What you are asked to do =>
Where the string "with" appears in a line of the material below, copy that line.

Source material =>
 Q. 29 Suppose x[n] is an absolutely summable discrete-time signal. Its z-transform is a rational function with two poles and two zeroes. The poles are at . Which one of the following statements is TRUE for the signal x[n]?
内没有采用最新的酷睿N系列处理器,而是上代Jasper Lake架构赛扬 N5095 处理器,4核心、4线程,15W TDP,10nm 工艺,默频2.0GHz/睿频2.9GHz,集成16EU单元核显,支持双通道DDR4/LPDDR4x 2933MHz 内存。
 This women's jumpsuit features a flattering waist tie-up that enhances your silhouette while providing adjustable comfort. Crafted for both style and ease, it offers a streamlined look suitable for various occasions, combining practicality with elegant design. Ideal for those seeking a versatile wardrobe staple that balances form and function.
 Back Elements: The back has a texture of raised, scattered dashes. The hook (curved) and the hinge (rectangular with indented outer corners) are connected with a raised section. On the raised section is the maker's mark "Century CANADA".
--
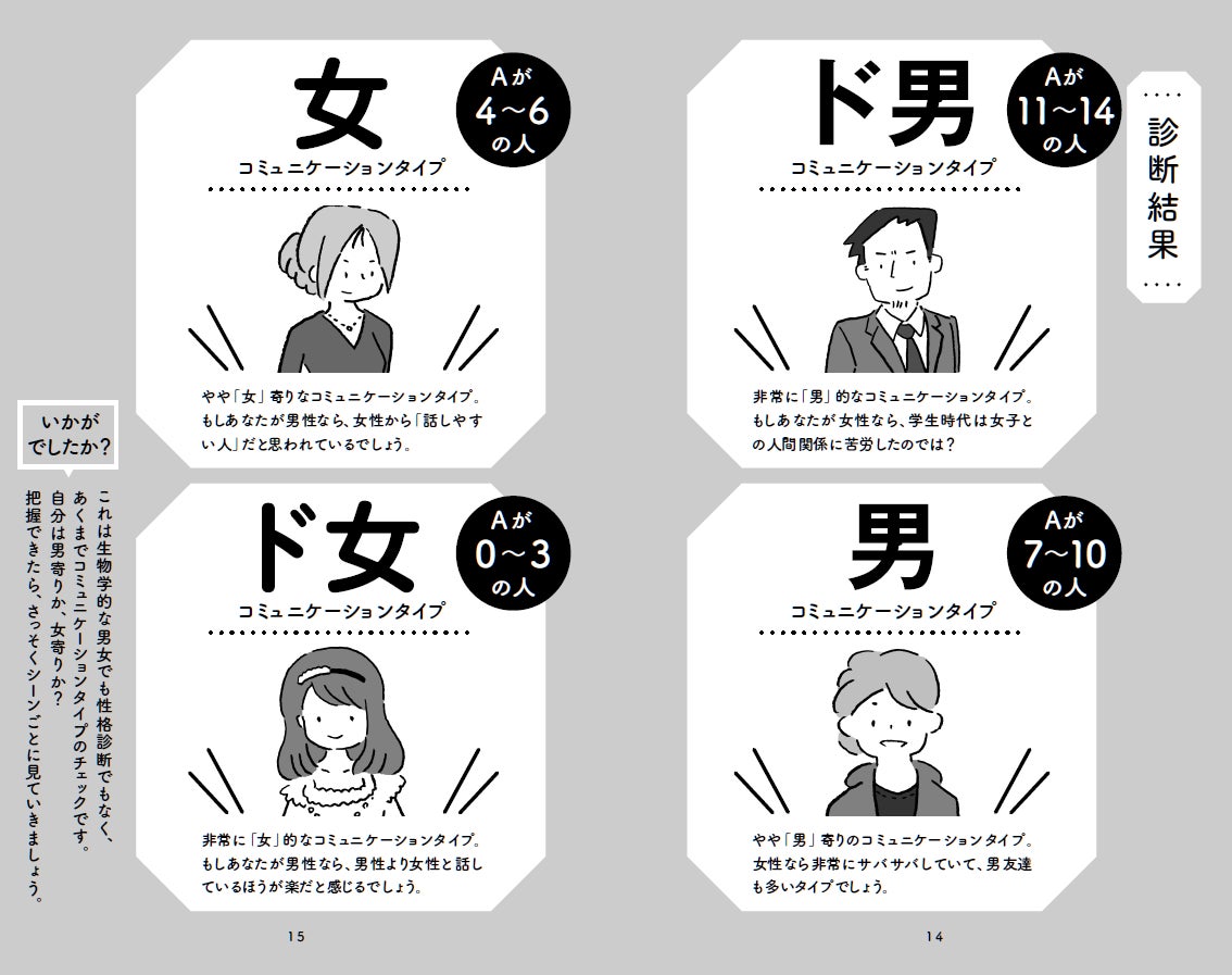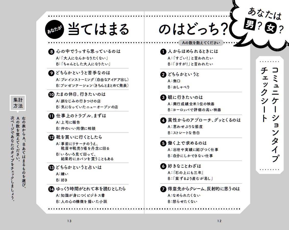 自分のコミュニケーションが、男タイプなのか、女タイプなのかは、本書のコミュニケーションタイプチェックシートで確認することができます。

Response to the exercise =>
 Q. 29 Suppose x[n] is an absolutely summable discrete-time signal. Its z-transform is a rational function with two poles and two zeroes. The poles are at . Which one of the following statements is TRUE for the signal x[n]?
 This women's jumpsuit features a flattering waist tie-up that enhances your silhouette while providing adjustable comfort. Crafted for both style and ease, it offers a streamlined look suitable for various occasions, combining practicality with elegant design. Ideal for those seeking a versatile wardrobe staple that balances form and function.
 Back Elements: The back has a texture of raised, scattered dashes. The hook (curved) and the hinge (rectangular with indented outer corners) are connected with a raised section. On the raised section is the maker's mark "Century CANADA".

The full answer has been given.